Gowder v. City of Chicago
923 F. Supp. 2d 1110
N.D. Ill.2012Background
- Gowder was convicted in Illinois for unlawful use of a weapon (simple firearm possession) under 720 ILCS 5/24-1(a)(10) and received probation; the conviction was later treated as a misdemeanor after Illinois decisions struck down the Safe Neighborhood Act; Cook County reduced Gowder’s conviction to a misdemeanor in 2003 under Lindsey.
- Chicago requires a Chicago Firearm Permit to possess firearms in the home; Gowder applied for the permit in 2010 and was denied under Section 8-20-110(b)(3)(iii).
- Section (b)(3)(iii) bars permit approval if the applicant has been convicted of unlawful use of a firearm in any jurisdiction.
- Gowder challenged the ordinance in a federal action seeking judicial review (Count I), and declaratory relief that the ordinance is unconstitutional under the U.S. Constitution (Count II) and the Illinois Constitution (Count III); he moved for summary judgment on all counts.
- An amicus brief was filed by the Illinois State Rifle Association; the court granted Gowder’s summary judgment, invalidating Section (b)(3)(iii) as void for vagueness and unconstitutional under the Second Amendment.
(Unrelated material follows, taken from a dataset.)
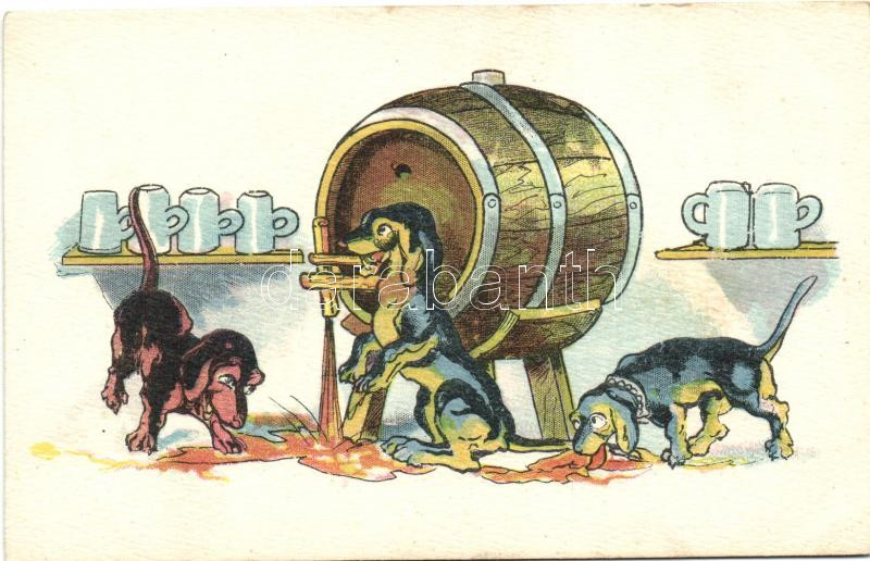 Dogs, barrel, humour, B.K.W.I. 540-2.

- The court also concluded the plaintiffs’ claims for injunctive relief should bar the City from denying Gowder’s permit based on his misdemeanor conviction, and moot the Illinois Constitution counts.
Issues
| Issue | Plaintiff's Argument | Defendant's Argument | Held |
|---|---|---|---|
| Whether Section (b)(3)(iii) is void for vagueness. | Gowder argues “unlawful use of a weapon” is undefined and unclear. | Chicago asserts the statute’s meaning is clear and should be enforceable. | Yes; Section (b)(3)(iii) is void for vagueness. |
| Whether Chicago’s ordinance violates the Second Amendment. | Gowder contends the permit ban on non-violent misdemeanants infringes the right to keep and bear arms in the home. | Chicago contends the ordinance passes constitutional muster. | Yes; it violates the Second Amendment under text/history/tradition and fails strict scrutiny. |
Key Cases Cited
- Heller v. District of Columbia, 554 U.S. 570 (U.S. 2008) (recognizes core Second Amendment right to keep and bear arms for self-defense in the home)
- McDonald v. City of Chicago, 130 S. Ct. 3020 (S. Ct. 2010) (incorporates Second Amendment against the states)
- Ezell v. City of Chicago, 651 F.3d 684 (7th Cir. 2011) (text/history/tradition approach; strict scrutiny standard where applicable)
- Skoien v. United States, 614 F.3d 638 (7th Cir. 2010) (limits on misdemeanants; discusses violent vs non-violent distinctions)
- Hoffman Estates v. Flipside, Hoffman Estates, Inc., 455 U.S. 489 (1982) (facial vagueness/overbreadth framework for regulation)
- Papachristou v. City of Jacksonville, 405 U.S. 156 (1972) (void-for-vagueness rationale for arrest/enforcement standards)
- United States v. Lim, 444 F.3d 910 (7th Cir. 2006) (vagueness standard for criminal statutes)
- United States v. Yancey, 621 F.3d 681 (7th Cir. 2010) (relationship between violence and firearm restrictions)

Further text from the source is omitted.